Many people in Massachusetts may have taken the wise step of estate planning years or even decades ago, and, as part of their estate plan created a medical power of attorney and financial power of attorney. However, that does not mean that those documents should be left to collect dust. They need to be reviewed periodically, to make sure they are still in line with any changes in law that may have occurred.

For example, the Uniform Health Care Decisions Act (UHCDA) received approval in 1933, and as time went on, more and more states adopted some version of it. This act addresses a person’s power to permit organ donation, and a person’s ability to admit a person to a health care facility. If one’s medical power of attorney was drafted prior to the state’s adoption of the UHCDA, it is time for a review.

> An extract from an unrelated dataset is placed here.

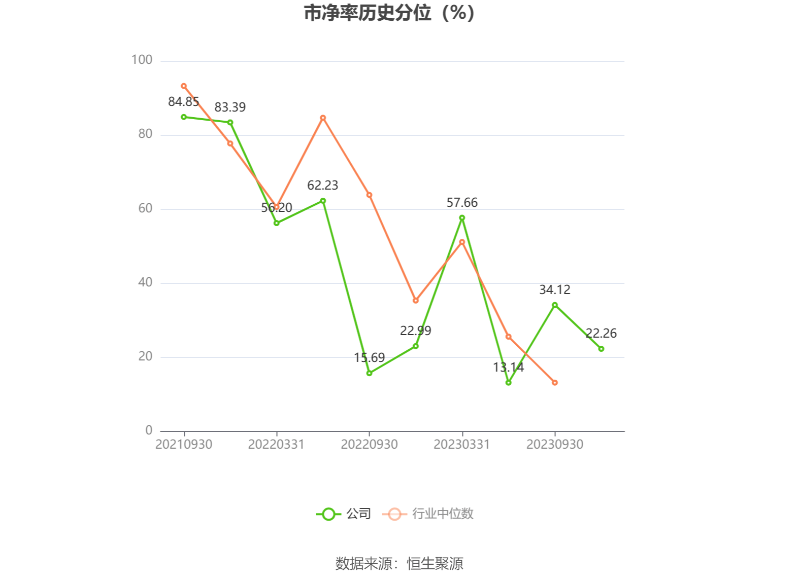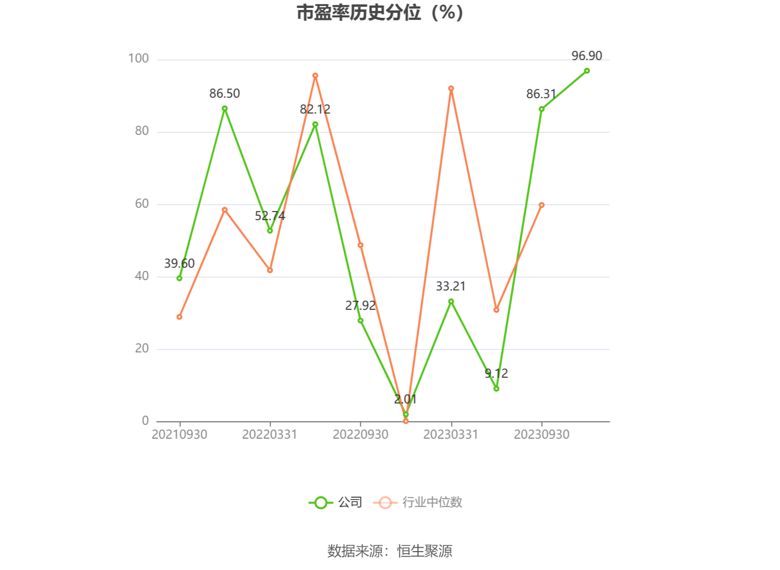 市盈率为负时,不显示当期分位数,会导致折线图中断。

In addition, 1996 saw the enactment by the United States Congress of the Health Insurance Portability and Accountability Act (HIPPA). This act was meant to address privacy issues for medical records. A power of attorney has to include the proper language that allows access to that person’s records. Again, if one’s medical power of attorney was drafted prior to the enactment of HIPPA, it is time for a review.

Finally, 2006 saw the enactment of the Uniform Power of Attorney Act (UPOAA). The UPOAA provides standardized provisions that every state can use, so that power of attorneys will be easier accepted. Prior to the enactment of the UPOAA, banks would sometimes reject a power of attorney that they thought was invalid. Certain powers must now be unequivocally included in a power of attorney for them to be valid and enforceable.

As this shows, it pays to have a medical power of attorney and financial power of attorney reviewed periodically. It can be a very distressing situation when the time comes to put one to use, only to find out it is outdated and cannot be enforced. Attorneys can help make sure your power of attorney complies with current laws and regulations.